*TASK INSTRUCTIONS*:
Repeat exactly the lines below that lie between the line with "- Recessed 3" and the line with "团队研究人员称,面对这一挑战", counting both of those lines as part of the answer.

*DATA LISTING*:
──────────

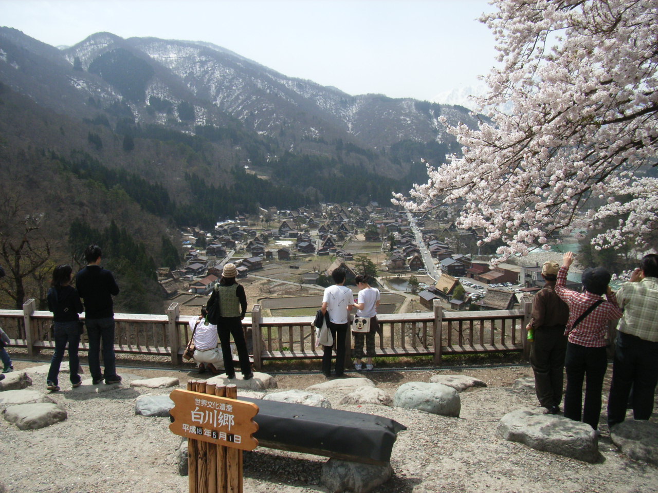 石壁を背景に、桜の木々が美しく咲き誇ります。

──────────

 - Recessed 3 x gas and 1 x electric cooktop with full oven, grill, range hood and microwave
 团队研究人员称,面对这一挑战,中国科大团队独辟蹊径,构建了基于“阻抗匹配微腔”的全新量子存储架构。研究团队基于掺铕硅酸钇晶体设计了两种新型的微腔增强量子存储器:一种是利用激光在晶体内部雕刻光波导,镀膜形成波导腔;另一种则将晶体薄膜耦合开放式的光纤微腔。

──────────

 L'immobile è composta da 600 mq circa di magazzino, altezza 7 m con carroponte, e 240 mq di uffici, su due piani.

──────────

*OUTPUT BELOW*:
 - Recessed 3 x gas and 1 x electric cooktop with full oven, grill, range hood and microwave
 团队研究人员称,面对这一挑战,中国科大团队独辟蹊径,构建了基于“阻抗匹配微腔”的全新量子存储架构。研究团队基于掺铕硅酸钇晶体设计了两种新型的微腔增强量子存储器:一种是利用激光在晶体内部雕刻光波导,镀膜形成波导腔;另一种则将晶体薄膜耦合开放式的光纤微腔。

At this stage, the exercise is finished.